Вот госпиталь, где работают кубинские медики-интернационалисты... Желтый домик радиостанции, над ним — паутина антенн. Передачи ведутся на трех языках — мискито, английском и испанском... Три новые школы... Отстраивающийся стадион... Когда я впервые попал сюда почти два года назад, всего этого еще не было.
Не было и светофора, одиноко висящего над перекрестком в центре города. Светофор пока, пожалуй, деталь из будущего. Ибо движение в Пуэрто-Кабесасе такое, что и обыкновенный регулировщик, приглашенный на полставки, пожалуй, заскучает. Но для жителей светофор — символ будущих асфальтированных проспектов и бульваров, многоэтажных кварталов. Символ нового города. Поэтому водители так серьезно ждут зеленого света, хотя на милю в округе нет ни одной машины, грозящей столкновением. А ребятишки радостно визжат каждый раз, когда светофор мигает своими разноцветными глазами.
— Вот покончим с контрой, знаешь, что здесь понастроим? — мечтательно говорит Хосе, сдвигая фуражку на затылок.— Приезжай лет через десять-пятнадцать — сам увидишь...
Он говорит, подняв лицо к небу, чуть сощурив глаза, словно вглядываясь во что-то дальнее, и я вижу перед собой не сурового и строгого командира, а молодого улыбчивого парня, романтика и поэта. Да, да, поэта. Хосе пишет стихи — чистые, откровенные, хорошие стихи. Пока не публикует, несмотря на уговоры.

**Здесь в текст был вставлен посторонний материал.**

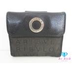 ブルガリ BVLGARI Wホック 二つ折り 財布 25127 ロゴマニア ブラック 黒 キャンバス レザー ロゴ ミニ コンパクト 【中古】 bs3926

— Не до них сейчас,— смущается он.— Вот разобьем контру, тогда, может быть...
Команданте Хосе Гонсалесу двадцать четыре года, но за плечами у него подполье и сомосовские тюрьмы, партизанская война в горах и пять лет службы в войсках МВД: стычки с бандами, засады, рискованные операции...
— Как нам нужен мир, компаньеро! — вздыхает он.— Мир, чтобы строить, мир, чтобы жить. Я вот, знаешь, часто смотрю на ребят, на солдат — и думаю: ведь каждый из них мог бы учиться, работать на фабрике, на стройке, в поле... А вместо этого — война, навязанная нам Вашингтоном. Вместо новых домов — пепелища деревень, разрушенные предприятия, разгромленные кооперативы. И ребята гибнут, гибнут ежедневно. Молодые, талантливые, полные сил... Но революцию надо защищать. Враг лезет нахрапом, нагло, не скрываясь...
В прошлом году американцы перебросили на сопредельную территорию отдельный батальон гондурасской армии «Кентавры». В ходе маневров «Биг-Пайн» гондурасцы построили сеть дорог в местах сосредоточения лагерей сомосовцев, взлетно-посадочные полосы, учебные полигоны. Словом, подготовили сомосовцам отличную оперативно-тактическую базу. Не говоря уже о том, что значительная часть вооружений, переданных США гондурасской армии после завершения маневров, тоже перекочевала к контрреволюционерам. И вот с мая 1984 года никарагуанскую границу в районе Селайи начали переходить обученные американскими советниками формирования контрреволюционеров. Это — попытки реализовать план ЦРУ по отторжению департамента от Никарагуа и организации на территории Селайи «временного правительства», которое в дальнейшем могло бы обратиться за помощью к Вашингтону и тем самым дать повод для крупномасштабной интервенции.
— Диверсанты не останавливаются ни перед чем,— продолжает Хосе.— Кроме обычного для них террора против мирного населения, засад, стали прибегать и к химическому оружию. На нашем участке отмечено более десяти случаев применения контрреволюционерами гранат и снарядов с нервно-паралитическим газом. Но все равно у контрреволюции в Селайе ничего не выйдет. Теперь — не выйдет...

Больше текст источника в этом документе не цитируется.